Our daughter has always had a slow-to-warm temperament, needing extra time to transition into new environments. The newer the place, person or activity the longer it takes her to warm up (and down). I am also the same way. It has been very fascinating to learn more about this at parenting classes, because it has helped me to be much more effective at dealing with my own behavior as well as hers.
While my husband and I are keenly attuned to our daughter's needs, we try very hard not to baby her. We value independence and make a concerted effort to help her help herself. Little by little she has learned to reach out and make these transitions on her own. It has helped to talk with her about a new (or not so new) place ahead of time, but not too much. She can get anxious hearing too much information. Sometimes doing something to prepare ahead of time is comforting, like choosing clothes a few days before or making cards to give to special friends, etc. It doesn't matter if she ends up using them or not--it's just the act that gets her motivated and gives her some control.
We've also learned it helps if she can make a connection with something in her new environment--a familiar toy, a child her size, a kind and patient adult. This can be just the thing to encourage her to participate. At first we had to identify these things for her, but as she grows she's doing it more herself. Now she feels more comfortable expressing herself; she's actually very demonstrative, and loves to dance, sing, and play-act.
In fact, over the past few months she has actually started bounding away from us to go play in unfamiliar large group settings with little or no encouragement. To parents of a child with an easy temperament this may be an everyday thing; to us it was astonishing!

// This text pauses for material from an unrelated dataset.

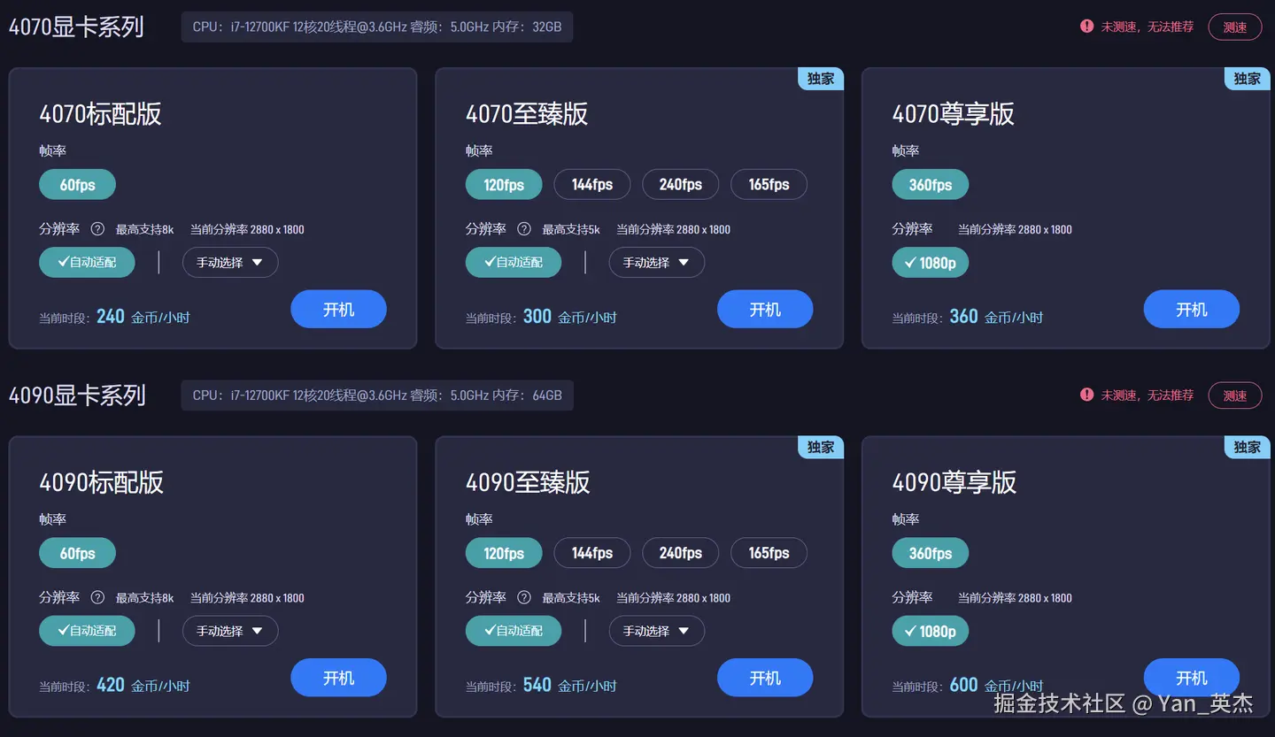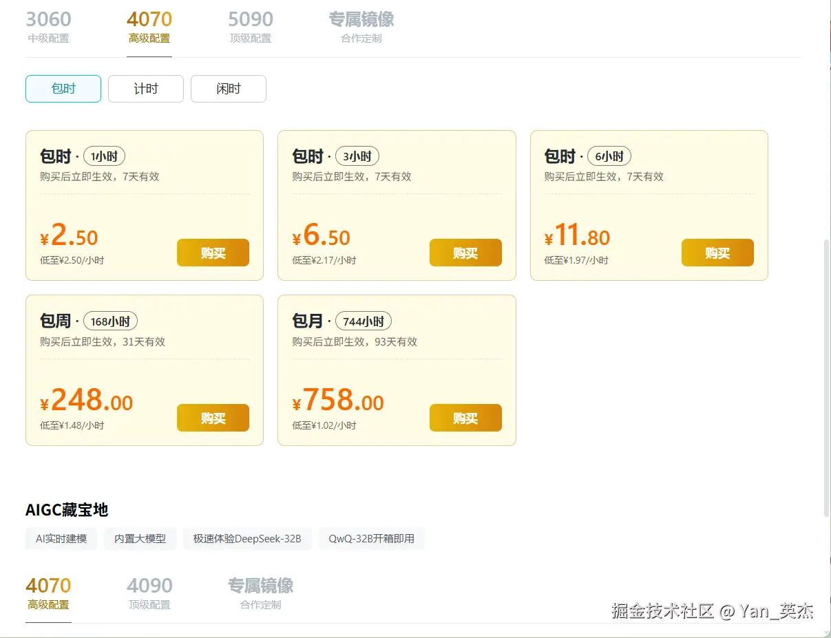 ToDesk云电脑提供了3060、4070、4090、5090四种配置,是三家中唯一开放5090的厂商。本次我们就选购4070、5090套餐。

Despite her progress in adapting, we are still having problems with separation anxiety at school. She started Montessori two years ago and loved it. Last year we switched her to a new Montessori and they moved her up to preK/Kindergarten. Most of the kids were 1-2 years older. There were 30 kids with 4 teachers. She liked the work but had a hard time adjusting socially & emotionally. Next year we're moving her to a preK/K class there that has fewer kids, more laid-back teachers, and eases into academics more slowly. We're also trying to keep a more simple, consistent routine. However, it's hard since none of us are really that routine-oriented.

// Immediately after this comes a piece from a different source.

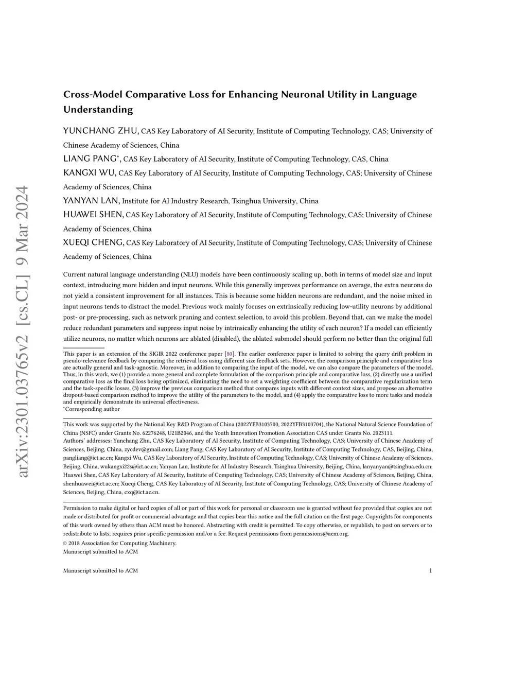 Current natural language understanding (NLU) models have been continuously scaling up, both in terms of model size and input context, introducing more hidden and input neurons. While this generally improves performance on average, the extra neurons do not yield a consistent improvement for all instances. This is because some hidden neurons are redundant, and the noise mixed in input neurons tends to distract the model. Previous work mainly focuses on extrinsically reducing low-utility neurons by additional post- or pre-processing, such as network pruning and context selection, to avoid this problem. Beyond that, can we make the model reduce redundant parameters and suppress input noise by intrinsically enhancing the utility of each neuron? If a model can efficiently utilize neurons, no matter which neurons are ablated (disabled), the ablated submodel should perform no better than the original full model. Based on such a comparison principle between models, we propose a cross-model comparative loss for a broad range of tasks. Comparative loss is essentially a ranking loss on top of the task-specific losses of the full and ablated models, with the expectation that the task-specific loss of the full model is minimal. We demonstrate the universal effectiveness of comparative loss through extensive experiments on 14 datasets from 3 distinct NLU tasks based on 5 widely used pretrained language models and find it particularly superior for models with few parameters or long input.

The last year has also been tough because I was hospitalized for a manic episode (I have bipolar disorder). Recently, I went out of town to help my mother get settled into an assisted living facility and it didn't go well. She also has bipolar. Our daughter seems to really pick up on my stress and hangs on me just when I need space. When she's anxious (which is quite often)she wants to stay home and says her tummy hurts. What about taking her to a child psychologist for more insight about her anxiety and the bipolar factor?

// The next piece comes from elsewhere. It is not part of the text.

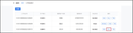 进入三方协议签订界面,只能终止验证通过的协议,点击【终止】,终止成功后该协议将无法继续使用,如还需使用三方协议进行税费款缴纳,应重新签订三方协议。

It is certainly a reasonable option to seek professional help, but to be frank with you I'm not enthusiastic about guiding you in that direction. Why? Because your daughter actually seems to be adapting well. You are clearly quite empathic and understanding with her, and you don't permit her to derive secondary gains from her reticence. While you'll have to monitor her as the years go on because of the genetic vulnerability she might have to developing bipolar disorder, there's no indication at this point that she is displaying symptoms of such. In your role as parent you can help her to see the connection between her somatic symptoms and her worry, while at the same time not allowing those same symptoms to interrupt her mastery of the daily demands of a four-year-old. If you discern that your daughter's anxiety is an impediment to managing her day-to-day situations at home, in school or with peers, therapy might be useful, but at this point my sense is that it is premature to seek therapy.